21. Dimulai

132K 2.6K 25
                                    

Soraya menghela nafas sambil menatap ke luar jendela. Jari telunjuknya mengetuk-ketuk bingkai kayu jendela. Beberapa menit ia terdiam, membiarkan waktu berlalu begitu saja.

Kemudian matanya beralih ke arah jaket denim yang teronggok di sofa. Ponselnya berdering, pesan dari seseorang yang sejak tadi ia tunggu. Perlahan gadis itu menarik nafas.

Matanya terpejam sembari diam-diam berbisik, "waktunya sudah dimulai."

Ia beranjak, memakai jaket denim dan topi hitam polos senada dengan baju kaos dan celana jinsnya. Ponselnya ia taruh di saku celana. Bersama dengan segala keresahan dalam dirinya, ia melangkah, menuju arah petunjuk.

Saat dirinya telah berada di garasi rumah, ia mengecek kembali isi pesan tadi, memastikan tidak ada kesalahan dalam langkahnya. Setelahnya, ia menunggangi motor matic yang belum ada satu orang pun tahu jika motor itu ada di garasi, termasuk orangtuanya.

Motor itu melaju melewati jalan yang telah sepi. Dingin yang menusuk tak ia hiraukan. Di langit, tergantung purnama yang bersinar terang, memberi kemudahan atas tujuannya. Seseorang di ujung sana melambaikan tangan. Pertanda tujuannya semakin dekat.

Soraya memarkirkan motornya di tempat yang tak terlihat.

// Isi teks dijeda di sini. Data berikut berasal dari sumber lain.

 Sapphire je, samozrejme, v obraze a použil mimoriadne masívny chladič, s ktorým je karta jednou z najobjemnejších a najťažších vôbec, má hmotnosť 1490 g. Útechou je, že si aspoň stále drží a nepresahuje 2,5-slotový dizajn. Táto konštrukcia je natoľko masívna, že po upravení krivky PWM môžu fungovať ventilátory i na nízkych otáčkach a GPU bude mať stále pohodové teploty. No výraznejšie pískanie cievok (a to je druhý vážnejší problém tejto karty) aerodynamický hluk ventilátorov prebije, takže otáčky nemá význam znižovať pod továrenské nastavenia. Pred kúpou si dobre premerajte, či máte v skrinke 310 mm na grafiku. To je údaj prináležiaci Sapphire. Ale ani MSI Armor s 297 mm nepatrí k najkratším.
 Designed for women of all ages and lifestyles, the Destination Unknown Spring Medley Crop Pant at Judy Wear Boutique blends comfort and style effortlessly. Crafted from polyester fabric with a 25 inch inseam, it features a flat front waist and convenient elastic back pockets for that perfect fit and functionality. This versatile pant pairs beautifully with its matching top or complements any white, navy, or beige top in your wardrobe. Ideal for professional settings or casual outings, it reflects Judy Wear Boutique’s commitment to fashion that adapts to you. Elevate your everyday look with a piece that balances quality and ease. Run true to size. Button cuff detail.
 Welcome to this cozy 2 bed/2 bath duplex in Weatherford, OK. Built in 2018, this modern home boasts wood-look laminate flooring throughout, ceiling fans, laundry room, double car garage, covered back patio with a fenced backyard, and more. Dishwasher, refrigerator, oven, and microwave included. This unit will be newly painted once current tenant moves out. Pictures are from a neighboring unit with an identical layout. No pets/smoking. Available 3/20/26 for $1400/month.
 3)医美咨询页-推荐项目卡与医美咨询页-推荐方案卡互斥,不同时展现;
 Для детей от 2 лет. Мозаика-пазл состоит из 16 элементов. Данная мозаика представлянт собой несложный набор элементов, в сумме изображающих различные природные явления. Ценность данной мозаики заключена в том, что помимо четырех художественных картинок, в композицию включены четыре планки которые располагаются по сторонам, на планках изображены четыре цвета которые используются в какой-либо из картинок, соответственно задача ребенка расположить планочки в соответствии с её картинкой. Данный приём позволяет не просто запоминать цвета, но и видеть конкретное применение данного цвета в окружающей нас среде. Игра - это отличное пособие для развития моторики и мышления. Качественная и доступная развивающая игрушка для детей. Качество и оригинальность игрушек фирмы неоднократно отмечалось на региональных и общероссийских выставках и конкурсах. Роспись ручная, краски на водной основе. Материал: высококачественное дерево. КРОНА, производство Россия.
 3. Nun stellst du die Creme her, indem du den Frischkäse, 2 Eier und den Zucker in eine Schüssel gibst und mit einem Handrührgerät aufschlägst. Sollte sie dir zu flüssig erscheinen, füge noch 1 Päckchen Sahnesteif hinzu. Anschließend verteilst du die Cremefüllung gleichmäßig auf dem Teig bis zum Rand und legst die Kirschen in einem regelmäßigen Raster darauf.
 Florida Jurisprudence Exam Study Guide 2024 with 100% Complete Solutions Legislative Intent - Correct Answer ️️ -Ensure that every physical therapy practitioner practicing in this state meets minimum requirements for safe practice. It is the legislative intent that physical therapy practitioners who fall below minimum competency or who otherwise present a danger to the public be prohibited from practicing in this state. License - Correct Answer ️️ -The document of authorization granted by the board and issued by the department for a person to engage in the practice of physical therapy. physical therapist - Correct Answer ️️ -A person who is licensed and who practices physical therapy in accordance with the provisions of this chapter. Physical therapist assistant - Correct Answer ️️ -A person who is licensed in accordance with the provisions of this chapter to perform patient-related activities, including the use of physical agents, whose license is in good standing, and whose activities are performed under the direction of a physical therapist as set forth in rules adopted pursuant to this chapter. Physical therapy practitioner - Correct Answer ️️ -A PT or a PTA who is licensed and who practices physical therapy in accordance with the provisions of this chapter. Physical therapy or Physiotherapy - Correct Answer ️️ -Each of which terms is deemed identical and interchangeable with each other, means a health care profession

Pelan-pelan ia melangkah, mendekati orang itu.

Namun...

Sebelum Soraya menggapai orang itu. Seseorang telah memukulnya dari belakang. Segera, ia bersembunyi di balik semak yang rimbun. Jantungnya berdetak kencang. Meski dirinya suka dengan film action, ia tetap tidak suka dengan keadaan mencekam ini.

Ia melihat laki-laki yang menjadi sumber informasinya dipukul membabi buta. Meski wajah kedua laki-laki itu tak ia lihat, namun suara mereka sangat Soraya kenali.

"Bangsaaat!! Beraninya lo ngerekam suara gue! Mati aja lo setan!!!"

"Sini hape lo! Sekalian tangan lo gue patahin!!"

Suara itu...

Soraya tersentak, tenggorokannya terasa kering.

Suara itu milik Alvi dan Ryan.

Benarkah?

Batin Soraya bertanya-tanya. Namun tak berlangsung lama ketika ia merasakan benda asing mengenai tangannya.

Ia meraba benda itu. Ternyata sebuah memori ponsel.

Ketika tatapannya mengarah kepada laki-laki yang sedang di pukul habis-habisan. Disitulah, hatinya terkoyak, kala jerit kesakitan menggema di tengah-tengah hamparan ladang yang tak mungkin di dengar siapapun selain dari mereka yang berada disana.

Masih dengan hatinya yang tak mampu menerima keadaan. Ia diam-diam menyalakan ponsel lalu menelepon polisi sesegera mungkin. Upaya yang harusnya sejak tadi ia lakukan.

*****

Menangis, hanya itu yang mampu Tasha lakukan ketika mendapati testpack menunjukkan hasil positif. Sudah lima buah yang ia gunakan, namun semua hasilnya sama.

Ia tak tahu harus berbuat apa lagi. Sesak yang ia rasakan tak mampu membendung segalanya.

"Gue salah apa sama kalian?!"

Tasha mencengkram erat-erat rambutnya. Menangis meraung-raung dalam kamar mandi. Ia terduduk, putus asa.

Lalu matanya mengarah ke kepalan tangan.

Ia menarik nafas dalam-dalam. Tangannya mengelus dengan pelan perutnya yang sudah berisi nyama dalam sana. Sambil terisak pilu, ia berbisik dalam sunyi, "maafin mama sayang, kamu nggak bisa ngeliat indahnya bumi seperti apa."

Setelah itu, kedua tangannya bergantian meninju perut itu. Perut yang di dalamnya berada nyawa yang tak berdosa. Meski tak melakukan kesalahan, ia tetap harus lenyap, tanpa pernah merasakan kasih sayang orangtua.

"Akhh!!!"

Tasha meringis diikuti dengan aliran hangat menjalar di pahanya. Ia kembali menangis, bukan karena nyeri hebat di tubuhnya. Melainkan ia telah melenyapkan anaknya sendiri.



















--------
Menurut gue, ini adalah bab terpendek dan tersulit yang pernah kubuat.